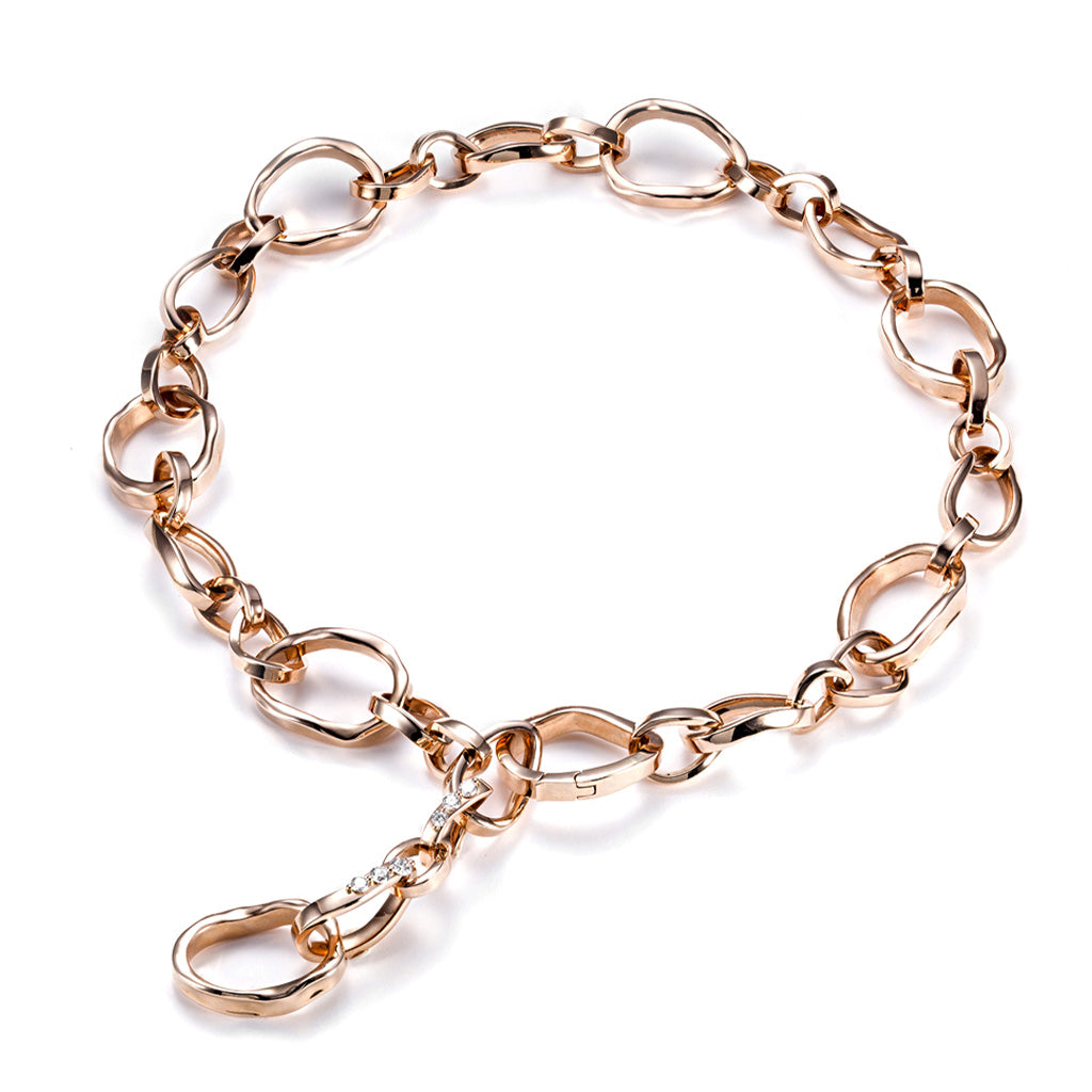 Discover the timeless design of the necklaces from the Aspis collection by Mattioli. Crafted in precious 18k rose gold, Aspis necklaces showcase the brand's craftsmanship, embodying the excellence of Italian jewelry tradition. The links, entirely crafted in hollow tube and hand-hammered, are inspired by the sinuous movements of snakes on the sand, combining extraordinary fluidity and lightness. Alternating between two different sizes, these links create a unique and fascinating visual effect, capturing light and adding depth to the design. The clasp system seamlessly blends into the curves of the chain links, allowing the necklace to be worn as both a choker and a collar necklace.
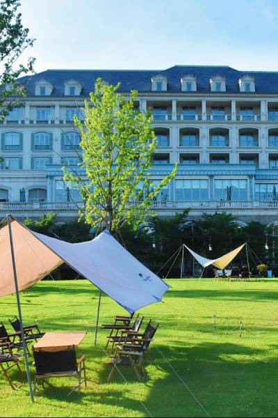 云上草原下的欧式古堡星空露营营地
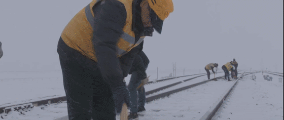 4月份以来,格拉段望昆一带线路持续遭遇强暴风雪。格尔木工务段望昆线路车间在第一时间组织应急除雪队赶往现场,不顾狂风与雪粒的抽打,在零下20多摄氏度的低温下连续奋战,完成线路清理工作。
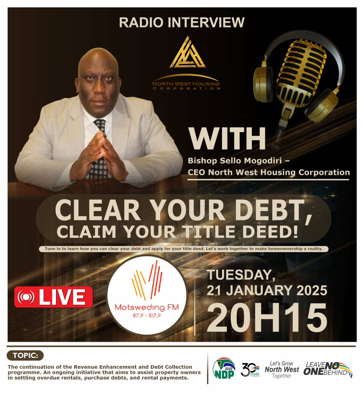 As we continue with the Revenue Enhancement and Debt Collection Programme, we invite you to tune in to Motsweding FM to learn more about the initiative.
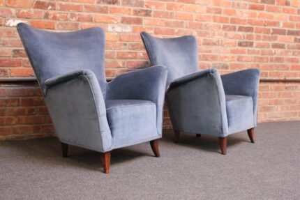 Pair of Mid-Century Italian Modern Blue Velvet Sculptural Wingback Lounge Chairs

Task description
Write out exactly the lines from the line that contains "云上草原下的欧式古堡星空露营营地" through the end of the material, including both ends. No pictures belong in the copy.

Solution for this problem
 云上草原下的欧式古堡星空露营营地
 4月份以来,格拉段望昆一带线路持续遭遇强暴风雪。格尔木工务段望昆线路车间在第一时间组织应急除雪队赶往现场,不顾狂风与雪粒的抽打,在零下20多摄氏度的低温下连续奋战,完成线路清理工作。
 As we continue with the Revenue Enhancement and Debt Collection Programme, we invite you to tune in to Motsweding FM to learn more about the initiative.
 Pair of Mid-Century Italian Modern Blue Velvet Sculptural Wingback Lounge Chairs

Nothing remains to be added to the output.